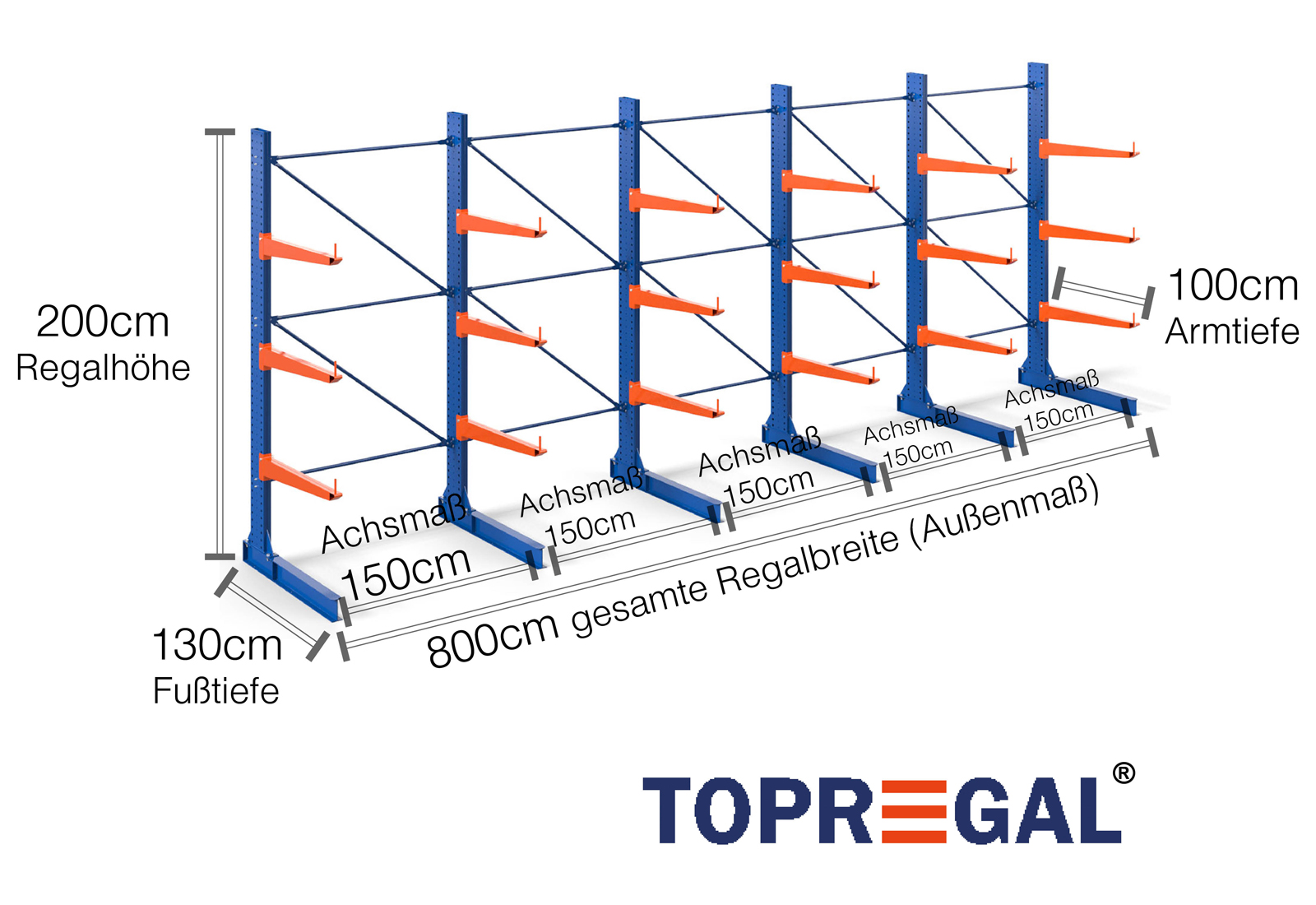 Als Achsmaß wird das Innenmaß zwischen zwei Regalständer bezeichnet. Je nach Kragarmtyp bieten wir Ihnen diese Felder in 120 cm (KR2500) und in 100 cm / 150 cm (KR3000 / KR6000) an.
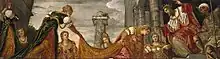 Esther Before Ahasuerus is a large painting of 1546–47 by the Venetian painter Tintoretto showing a scene from the Greek addition to the Book of Esther, in which Queen Esther faints during a bold intervention with her husband King Ahasuerus of Persia. In oil on canvas, it measures 207.7 by 275.5 centimetres (81.8 in × 108.5 in). Since the 1620s it has been in the Royal Collection of the United Kingdom, and in 2019 it hung in the King's Gallery in Kensington Palace, London.[1]
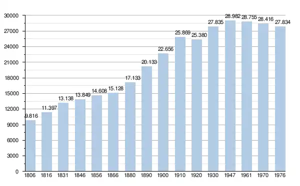 - Source : DGS - Remarque: 1806 jusqu'à 1981=recensement; depuis 1990=nombre d'habitants chaque 1er janvier[8]
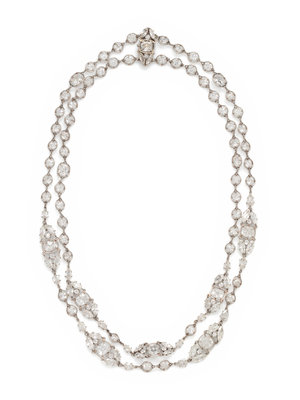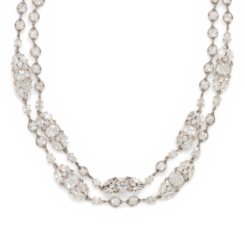 Containing 13 cushion cut diamonds weighing approximately 9.00-10.00 carats total, together with numerous old European, marquise and pear shape diamonds weighing approximately 42.00-43.00 carats total. Mounted in platinum. 16 inches long.
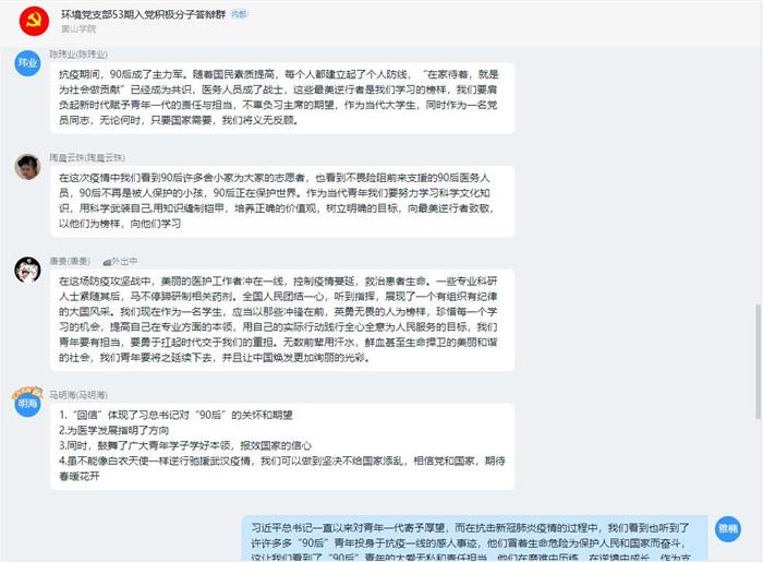 3月23日下午,生环学院环境党支部利用钉钉平台开展确定入党积极分子线上述责答辩活动和支部专题学习会。支部全体党员、入党积极分子代表及答辩对象共43人参会,会议由支部书记王雅楠主持。
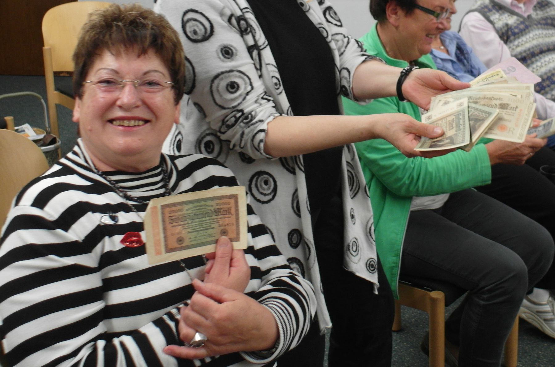 Am Abend konnten sich die Teilnehmerinnen, didaktisch unterstützt, ihre Erlebnisse mit Geld untereinander mitteilen. Eine Teilnehmerin verteilte überraschend „Millionen“, nämlich Inflationsgeld aus den 1920er Jahren.
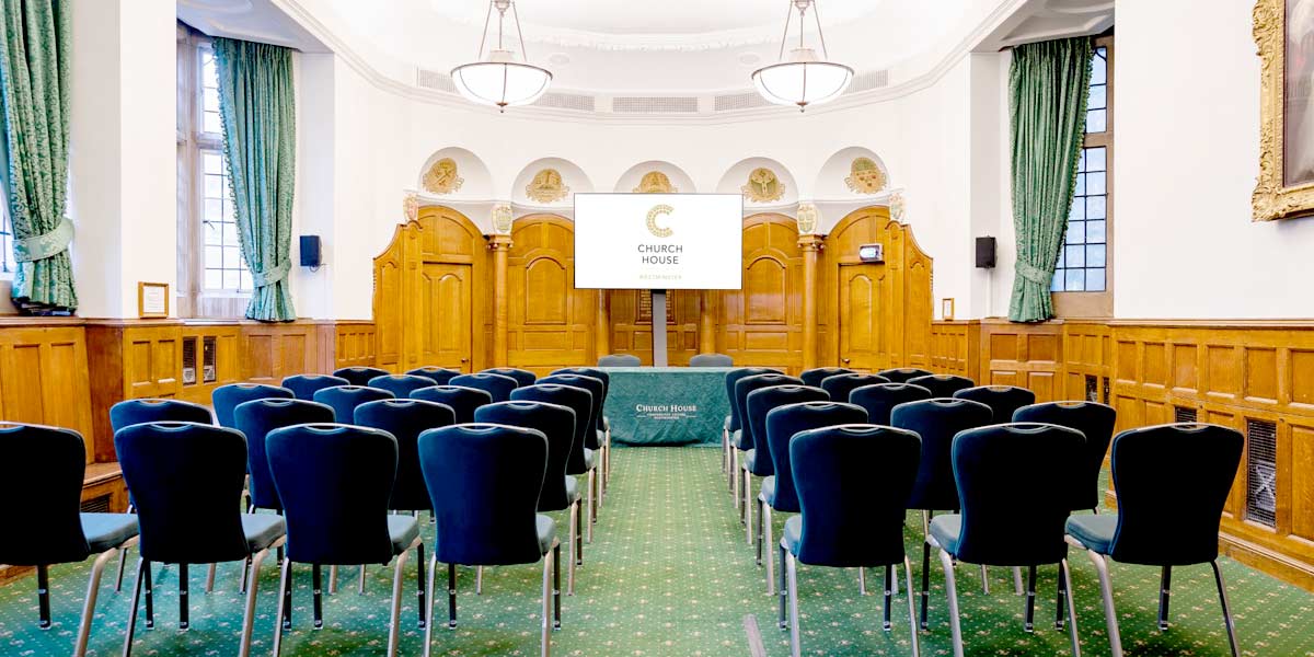 Convocation Hall combines grace, elegance and history. The space hosted the House of Lords for periods during the Second World War. Classically inspired arch details frame a low stage at one end of the room, while the other end features a private seated gallery.
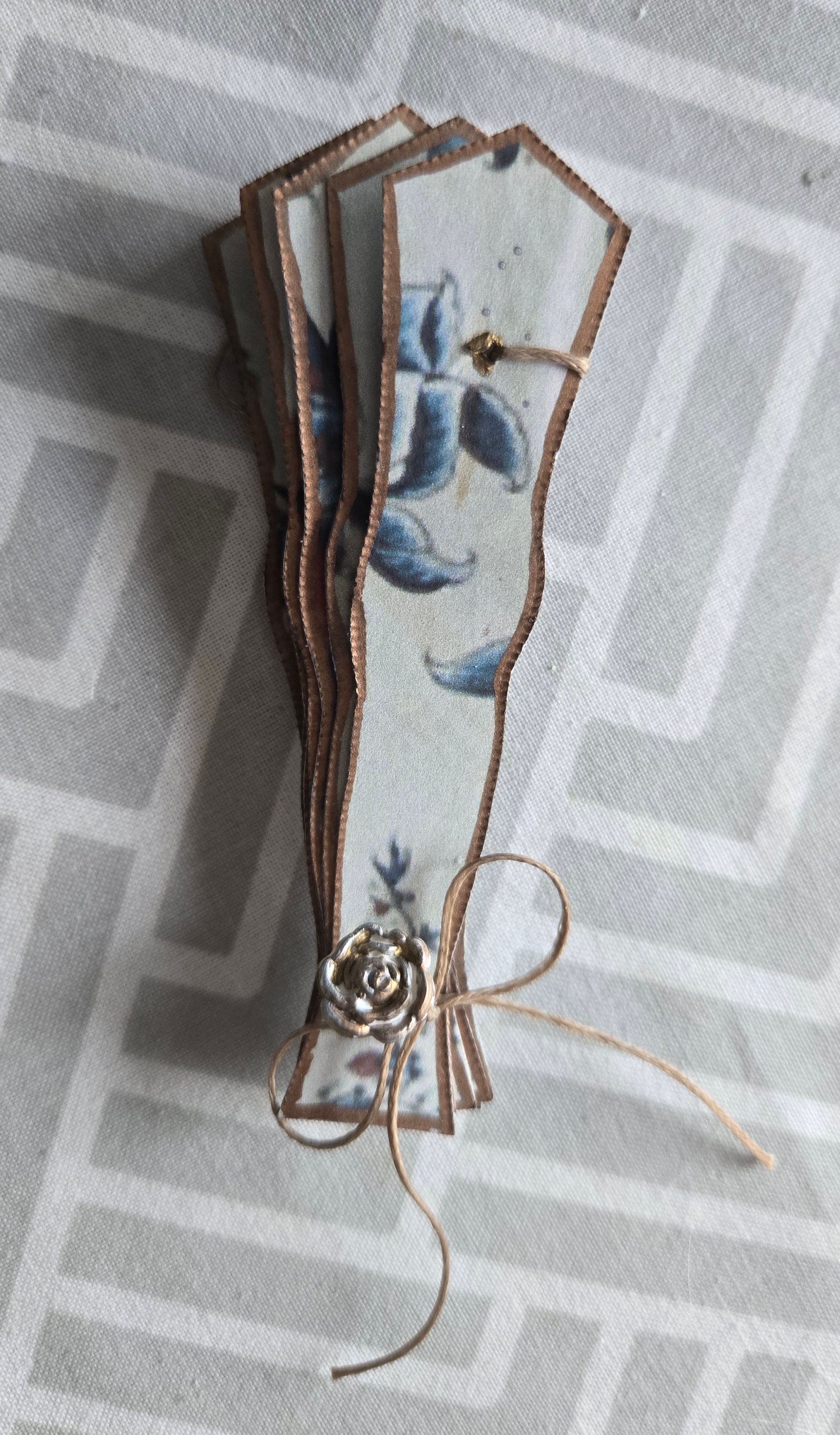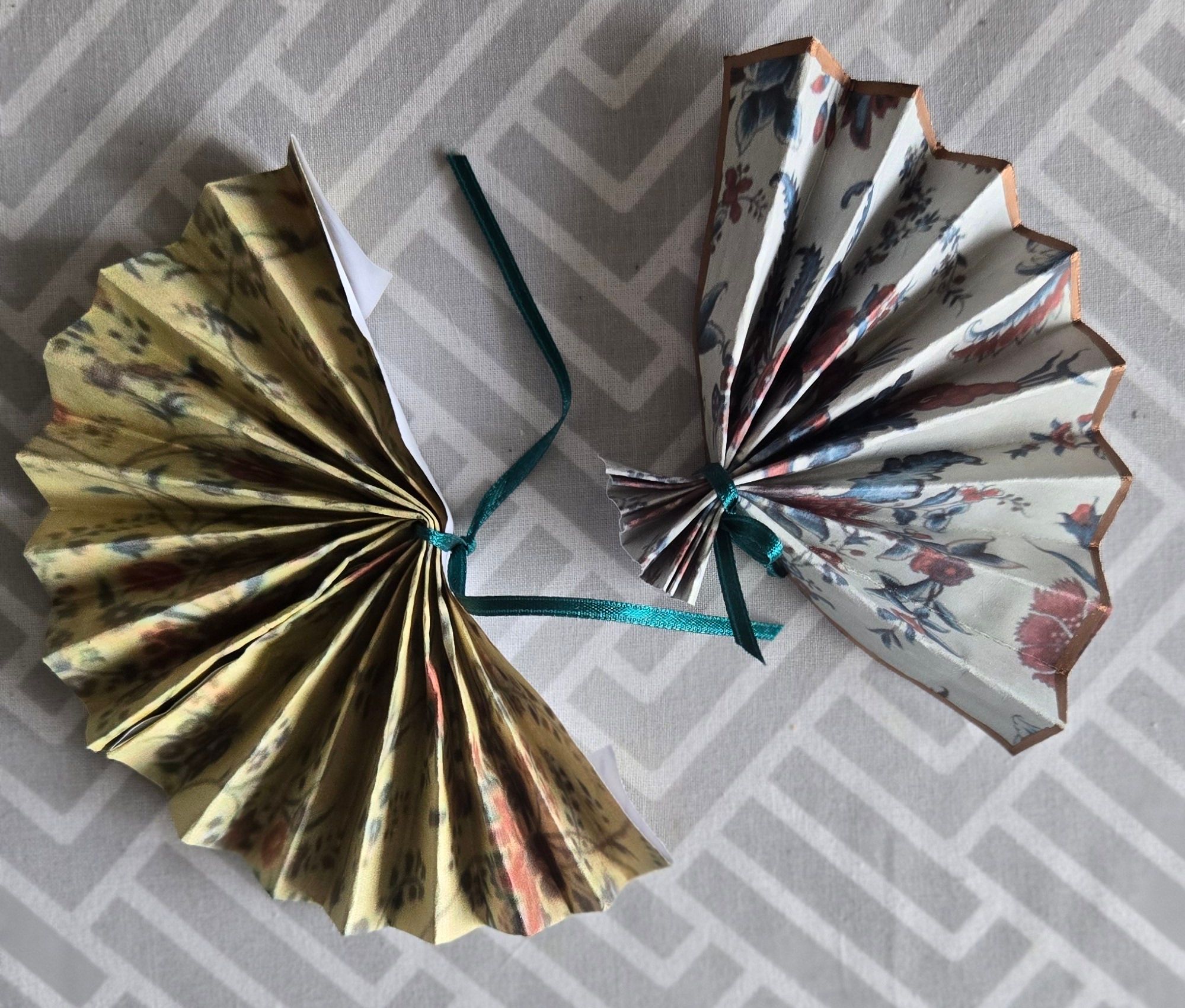 The designer liked this fan so much she decorated it right away, using metallic Sharpie pens and a button. You will see some more Sharpie decoration on the other fans too. An old pair of serrated scissors, used to cut knits, created a happy accident, giving a decorative edge to the staves. The buyer is now on the look out for some scrapbooking scissors. And paper.
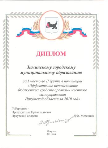 Эффективное использование бюджетных средств органами местного самоуправления Иркутской области за 2010 год
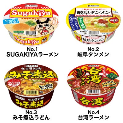 延べ1,809 件の投票の結果、1 位「SUGAKIYA ラーメン」(得票率45.2%)、2 位「みそ煮込うどん」(得票率36.3%)となり、本キャンペーンのプレゼント商品として選ばれました。
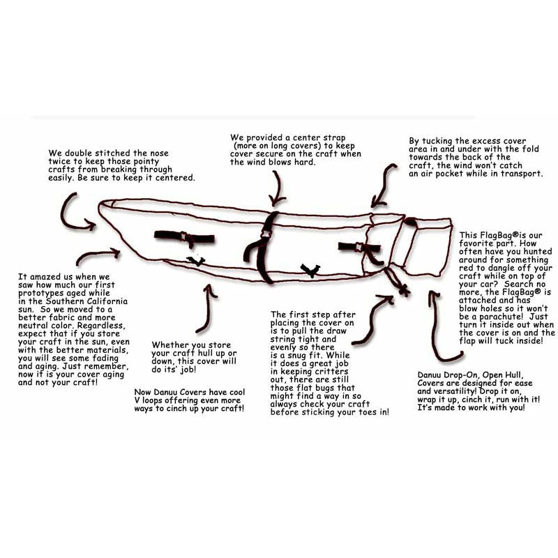 Danuu Kayak Covers extend the life of your craft by protecting it from the elements and harmful UV rays! Shown repeatedly to be the best in their class, simply drape it over your craft and cinch the straps for a custom fit. Danuu covers are the perfect outdoor storage and travel protection solution.
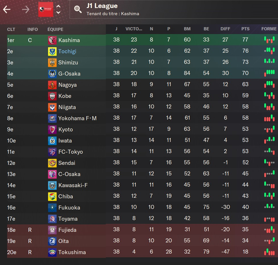Une belle fin de saison au Japon. Dommage de louper le titre ainsi mais câest de bon augure pour le prochain exercice
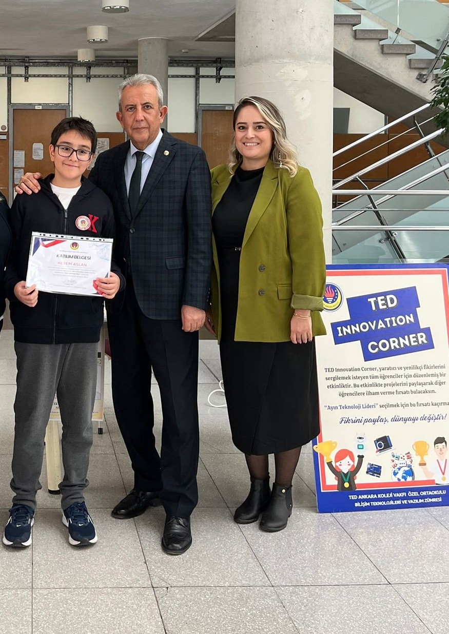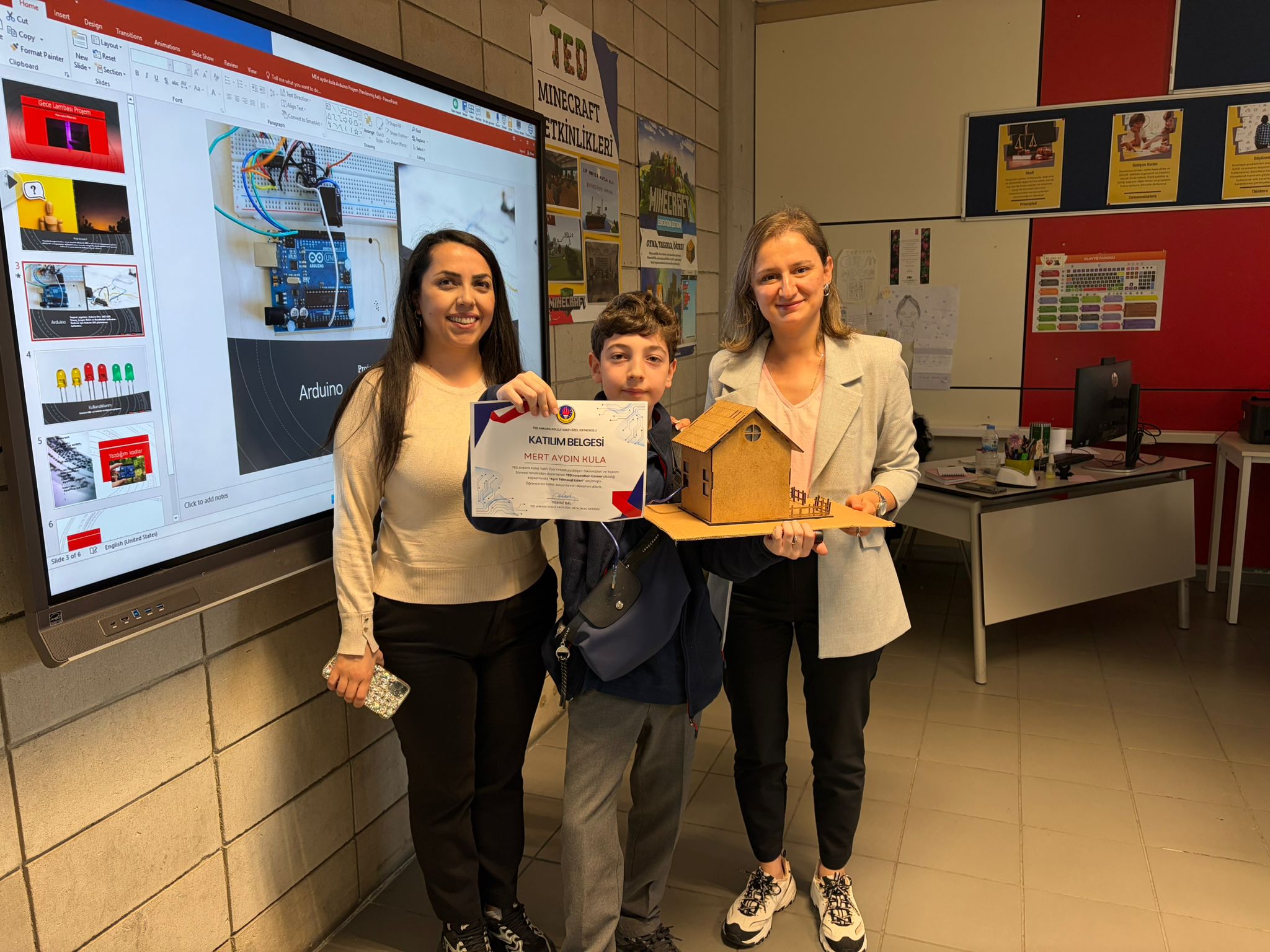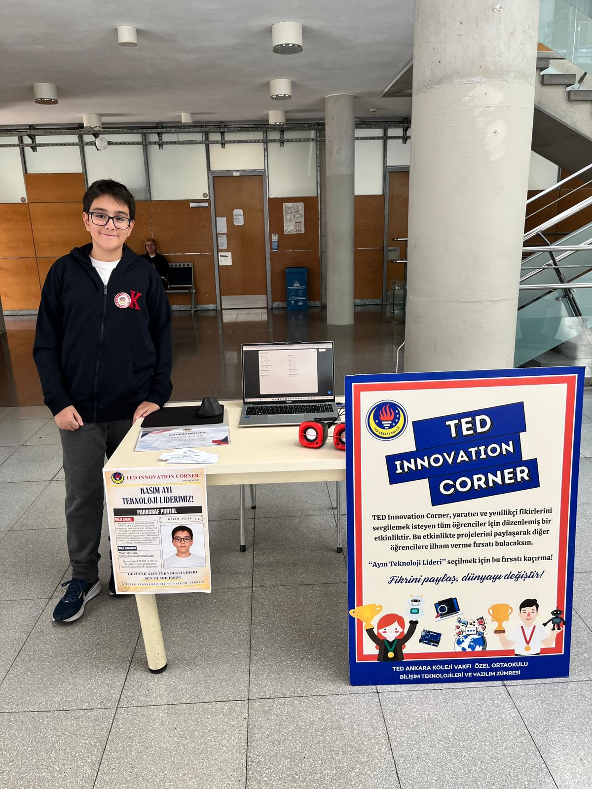 Hour of Code Week etkinlikleri kapsamında, yenilikçi fikirleriyle öne çıkan öğrencilerimizin projelerini tanıttığı “TED Innovation Corner” etkinliği büyük ilgi gördü. İlham verici çalışmalarıyla dikkat çeken öğrencilerimiz, “Ayın Teknoloji Lideri” olarak seçildiler.
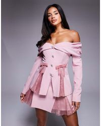 Blazers & Suit Jackets by ASOS Luxe Off-shoulder style Notch detail Long sleeves Faux-pearl details Zip-back fastening Regular fit. Colour: grey
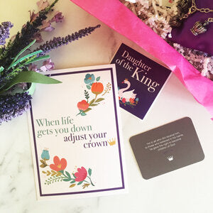 You are blessed, highly favored and more than worthy because you are the daughter of the King. This box of encouragement will remind you to wear your crown and hold your head high because you are a child of God.
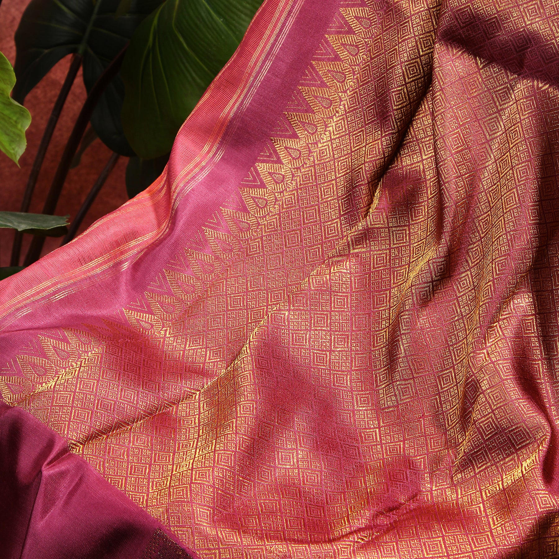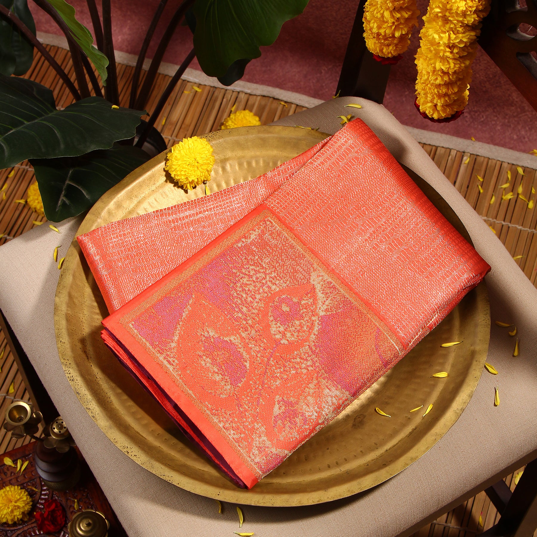 Indulge in luxury with our Kuberan orange peach Kanchivaram Saree. The abstract Zari work adds a touch of exclusivity while the unique border elevates its elegance. Perfect for any special occasion, this saree will make you stand out with its sophisticated beauty.

####################

Give again, word for word, the lines from the one containing "Эффективное использование бюджетных" through the last line of the entries, with pictures omitted and nothing added.

 Эффективное использование бюджетных средств органами местного самоуправления Иркутской области за 2010 год
 延べ1,809 件の投票の結果、1 位「SUGAKIYA ラーメン」(得票率45.2%)、2 位「みそ煮込うどん」(得票率36.3%)となり、本キャンペーンのプレゼント商品として選ばれました。
 Danuu Kayak Covers extend the life of your craft by protecting it from the elements and harmful UV rays! Shown repeatedly to be the best in their class, simply drape it over your craft and cinch the straps for a custom fit. Danuu covers are the perfect outdoor storage and travel protection solution.
Une belle fin de saison au Japon. Dommage de louper le titre ainsi mais câest de bon augure pour le prochain exercice
 Hour of Code Week etkinlikleri kapsamında, yenilikçi fikirleriyle öne çıkan öğrencilerimizin projelerini tanıttığı “TED Innovation Corner” etkinliği büyük ilgi gördü. İlham verici çalışmalarıyla dikkat çeken öğrencilerimiz, “Ayın Teknoloji Lideri” olarak seçildiler.
 Blazers & Suit Jackets by ASOS Luxe Off-shoulder style Notch detail Long sleeves Faux-pearl details Zip-back fastening Regular fit. Colour: grey
 You are blessed, highly favored and more than worthy because you are the daughter of the King. This box of encouragement will remind you to wear your crown and hold your head high because you are a child of God.
 Indulge in luxury with our Kuberan orange peach Kanchivaram Saree. The abstract Zari work adds a touch of exclusivity while the unique border elevates its elegance. Perfect for any special occasion, this saree will make you stand out with its sophisticated beauty.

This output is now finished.